General Electric links with AMI to host media training on energy and infrastructure reporting

Some 20 journalists drawn from the East African region this October underwent basic training on the energy sector in Africa for better storytelling.

AFRICA has been a laggard in infrastructure, and according from the African Development Bank (AfDB), the continent needs to invest around $100 billion a year over the next decade to meet its infrastructure shortfall, a third of which is needed for maintenance.

The need to accelerate investment is clear -  one statistic alone illustrates the magnitude of the challenge that lies ahead: it will take Africa until 2080 to achieve universal access to electricity at the present rate of progress, says data from the Africa Progress Panel.

Much of the public sentiment around infrastructure is shaped by the stories in the media about it, and journalists have the ability to highlight the salient issues for public debate and participation.

This is what has prompted the African Media Initiative (AMI) and General Electric (GE) to partner in boosting media coverage in Africa of energy and infrastructure issues. Some 20 journalists drawn from the East African region this October underwent basic training on the energy sector in Africa, and on using sector data to tell impactful stories that will enrich media content and better inform citizens.
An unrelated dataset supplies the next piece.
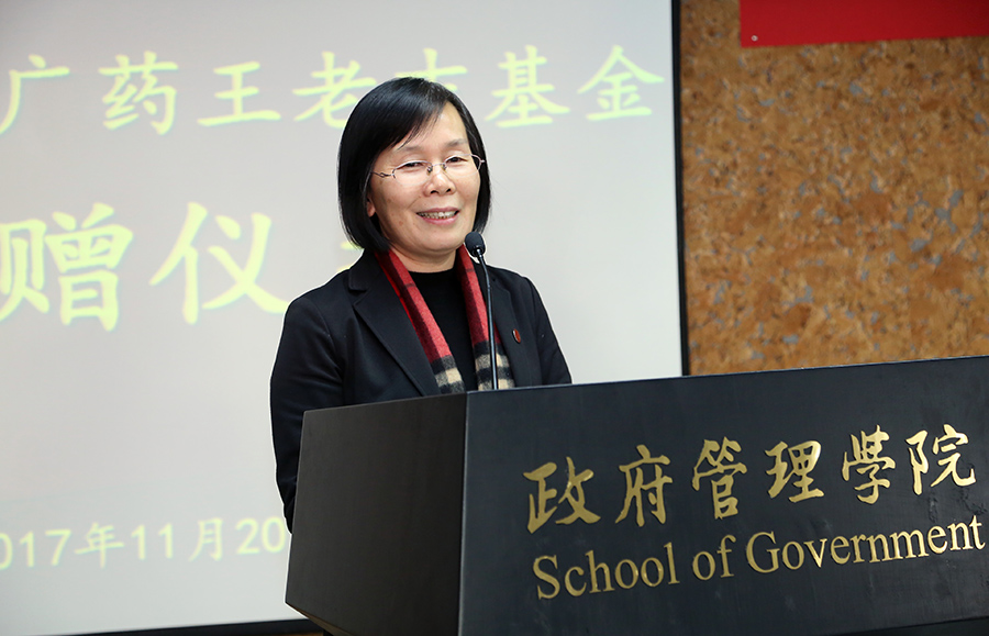 葉靜漪副書記代表學(xué)校向廣藥集團(tuán)頒發(fā)北京大學(xué)杰出教育貢獻(xiàn)獎(jiǎng)
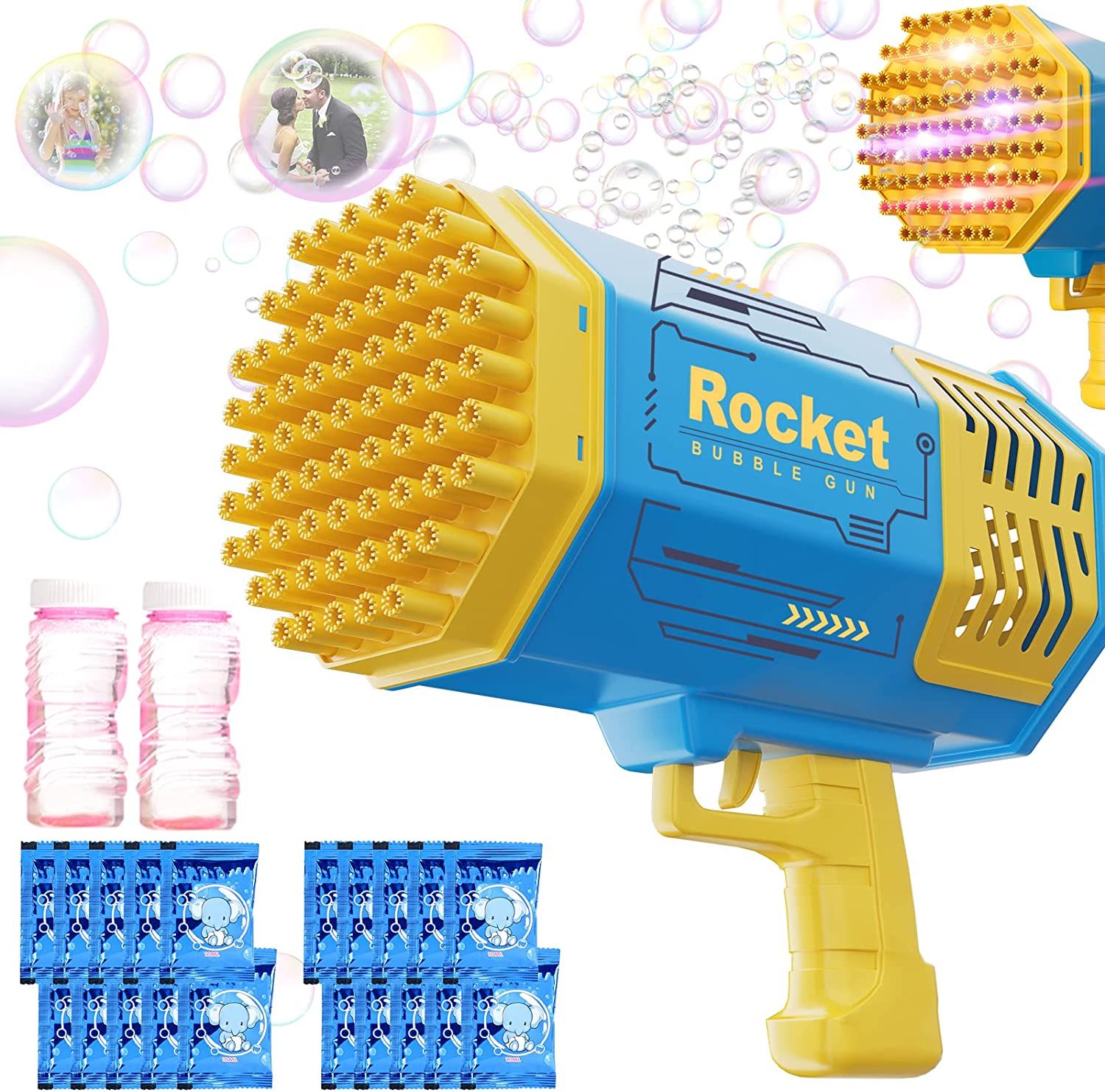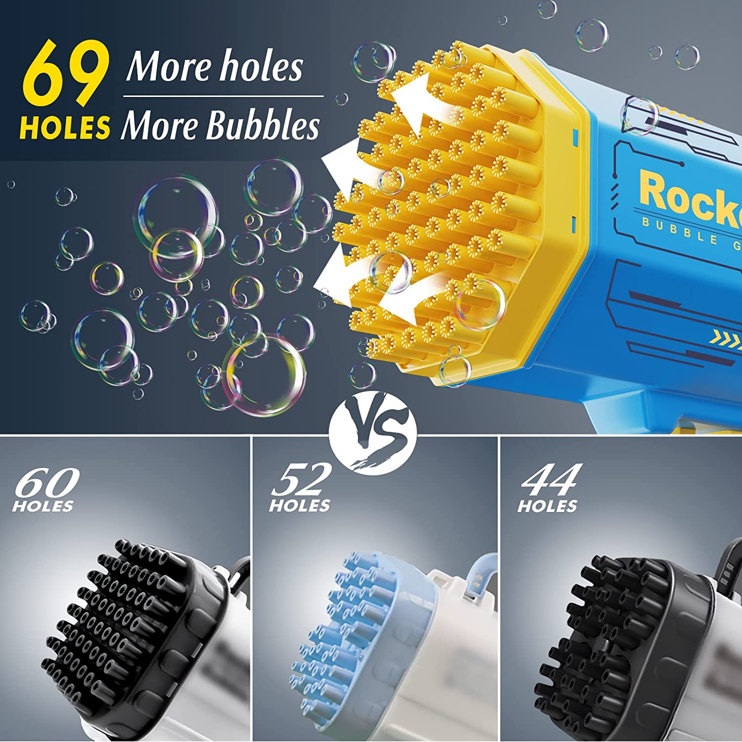 69 HOLES - Our bubble gun has 64 bubble holes and can blow thousands of bubbles at a time. It also comes with colored lights for surprising effects when playing at night!

The training explored the importance of covering the energy sector, the weaknesses identified in coverage of infrastructure and energy-related issues, as well as the use of data and cutting edge technologies to craft media messages for audiences across all platforms.

Patricia Obozuwa, Director of Communications for GE Africa said the initiative was part of the company’s efforts to support developmental journalism through building expertise in energy and infrastructure reporting.

This workshop was the first in a series of regional training events that GE will sponsor to create an Africa-wide network of journalists specialising in reporting on energy and infrastructure.

Through the programme, journalists are encouraged to publish and broadcast stories that drive the development agenda and clearly outline the critical role that energy and infrastructure play in the growth of national economies.

The African Media Initiative (AMI) is a pan-African organisation that seeks to strengthen the continent’s private and independent media sector, to promote democratic governance, social development and economic growth.

AMI’s overall goal is to promote the development of pluralistic media as a necessary and critical ingredient of democratic governance, as well as economic and human development in Africa.